Thanks again for not shooting my grandma
On apologies and dependency
One time, my grandma told me that when she was a little kid, she used to like to swing on a tire attached by a rope to a tree. One day, she decided to pass time by swinging on her tire swing and she let her face flow through the wind. When she swung forward, her face would move forward taking in all the air. When she swung backward, she would bury her face into her legs, letting the air pass over her back.
One day after the war, her uncle decided to come visit. He brought the gun that he got during the war and polished it while showing it off to my grandma’s brothers and her dad. He wasn’t paying attention to where the gun was pointing.
My grandma continued to swing high and low, high and low. Showing her face in the wind, burying it when she went low.
And then the gun fired.
She felt a blow of air on her back, but she kept swinging high and low. Without a scratch.
And in tears, her uncle came over to give her a hug. He apologized and loved on her for what seemed like forever in a child’s mind.
“I can’t believe I almost took you out. I’m so sorry,” he cried.
“For what?” she asked.
My point is, thank you, Uncle James, for not purposely trying to shoot my grandma. You’ve apologized for more than sixty years. And she forgives you, and I forgive you. And I’m sure God forgives you. Just don’t play around like that anymore, don’t you see how many wonderful grandkids Jewell has now? Also, rest in peace.
I depend on my mom and my grandmother for everything. Food, conversations about nothing, whether or not what I’m wearing “makes sense.” I like this small network of go-to family, and it’s easy to hang up with one member of the network and call the next member without really thinking about it. Because sometimes you need someone to just sit on the phone and listen to you breathe.
But I hate being dependent on people. Even my own family at times. I allow them to dictate my opinions and thoughts at times where I’d rather be the “special snowflake.” I think I have a great idea until I tell one of them and it doesn’t sound like a great idea anymore. They can be the ultimate chopping block when I need it and when I don’t.
I get so grossed out by other people that are so dependent of each other. When my friends won’t answer this or that questions without their sister’s input, or when they wait days to give me a yes or no answer because they want to see what their boyfriend will say first. I don’t like waiting. It drives me nuts. But I hold myself to the exact same standard. I won’t answer an email until I know exactly what I want to say (I just got over sending emails without quadruple checking).
Maybe it’s who they’re asking that I have the problem with. Somehow I feel saying “let me check with my mom first” doesn’t seem childish at my age. Sometimes it’s an excuse to get out of doing things I never wanted to do in the first place. Most of the time, I would rather be alone than have to deal with the idea of depending on another to make decisions for me. I’d rather not decide at all. I can find a way to chalk it up to being a introvert and a homebody most of the time, and that’s all the reason I need.
I’m getting older and I’m going to have to start making decisions by myself. I actually have to become my own chopping block, and that’s scary.
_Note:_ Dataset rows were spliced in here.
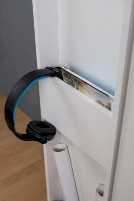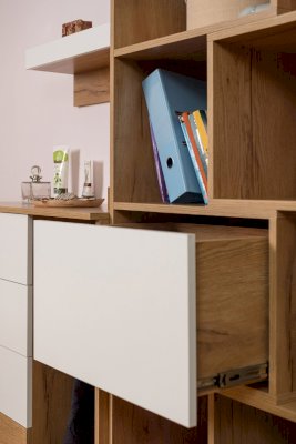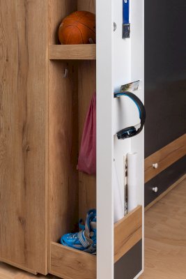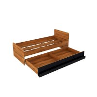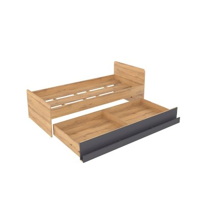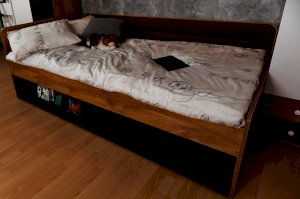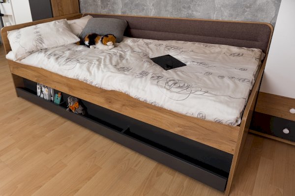 Подростковая кровать-тахта с большим выкатным ящиком на роликах, который можно использовать как место для хранения или как дополнительное спальное место. Он открывается за ручку-карман. Такой импровизированный карман дает возможность аккуратно сложить необходимые перед сном вещи: книгу, телефон, любимую игрушку.
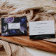 Chic certificat cadeau floral affiche votre texte personnalisé (illustré par "un cadeau pour vous") sur un motif de roses violets lavande pâle luxuriants et de pivoines bleu indigo profond sur un arrière - plan sombre et dramatique. Ajoutez le libellé de votre certificat cadeau et les coordonnées de votre entreprise au verso avec garniture noire. Un choix moderne et élégant pour les boutiques, salons, maquilleurs, coiffeurs ou tout commerce. Disponible sous forme professionnelle imprimée ou en téléchargement numérique.
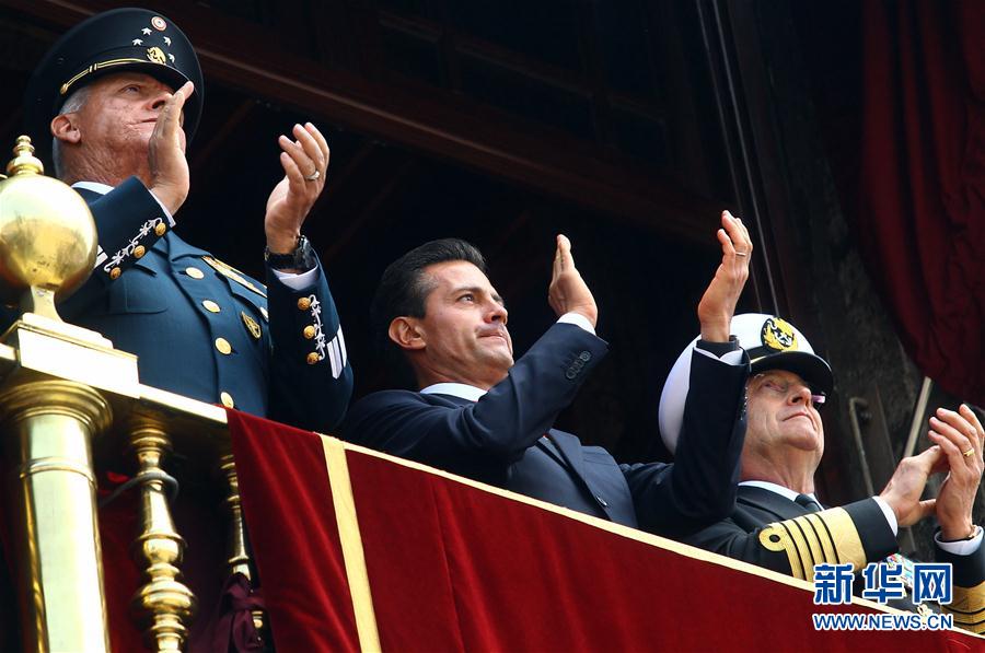 9月16日,墨西哥总统培尼亚(中)出席在首都墨西哥城举行的独立日阅兵活动。当日,墨西哥举行庆祝独立207周年阅兵活动。每年9月16日是墨西哥独立日。 新华社发
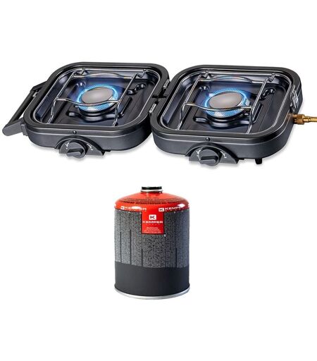 Kemper - Réchaud gaz 2 feux 4600W pliable + Cartouche de gaz
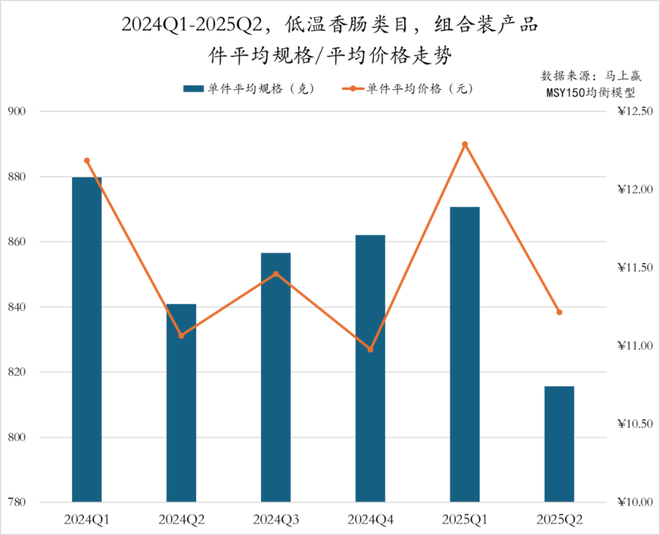 2024Q1至2025Q2,低温香肠类目组合装产品的件均规格在2024Q1达到880克的高位后,在2024Q2出现明显缩减,随后小幅回升,2025Q1提升至870克,但2025Q2骤降至820克,为近六个季度最低水平。在件均价格则波动更加明显,2024Q1为12元,2024Q2有所下降,随后两个季度小幅波动,2025Q1价格大幅上涨至近六个季度峰值,但2025Q2再次回落至11元。总体来看,2025Q2低温香肠类目规格缩减明显,价格有所回落,或与节后消费回落,企业通过减价缩量应对市场竞争相关。
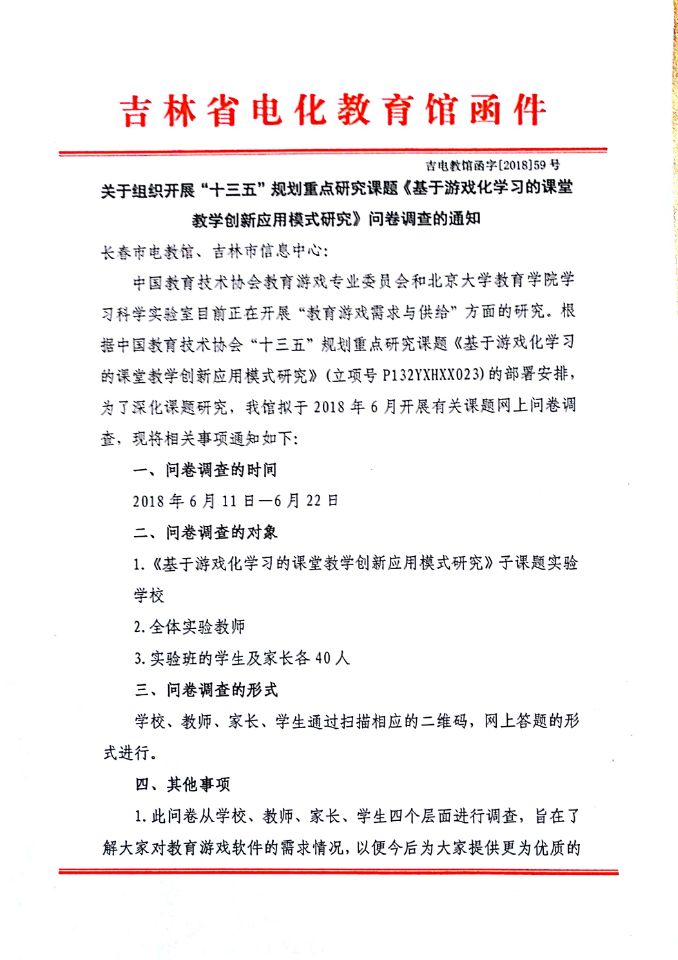 关于组织开展“十三五”规划重点研究课题《基于游戏化学习的课堂教学创新应用模式研究》问卷调查的通知

The thought of it makes me ache in places that hurt a whole lot.
I spent a couple of days a few months ago with a person that wouldn’t decide anything at all. It was all “up to me.” It was infuriating. And I blamed them for being bad at what they do and for being unprepared, when really I wanted them to decide everything because “I’d rather not decide at all.” I’m still the dependent baby I hate being around, whether I like it or not. And I really don’t feel bad about it, and probably won’t until it’s time for me to move far away from my personal chopping block.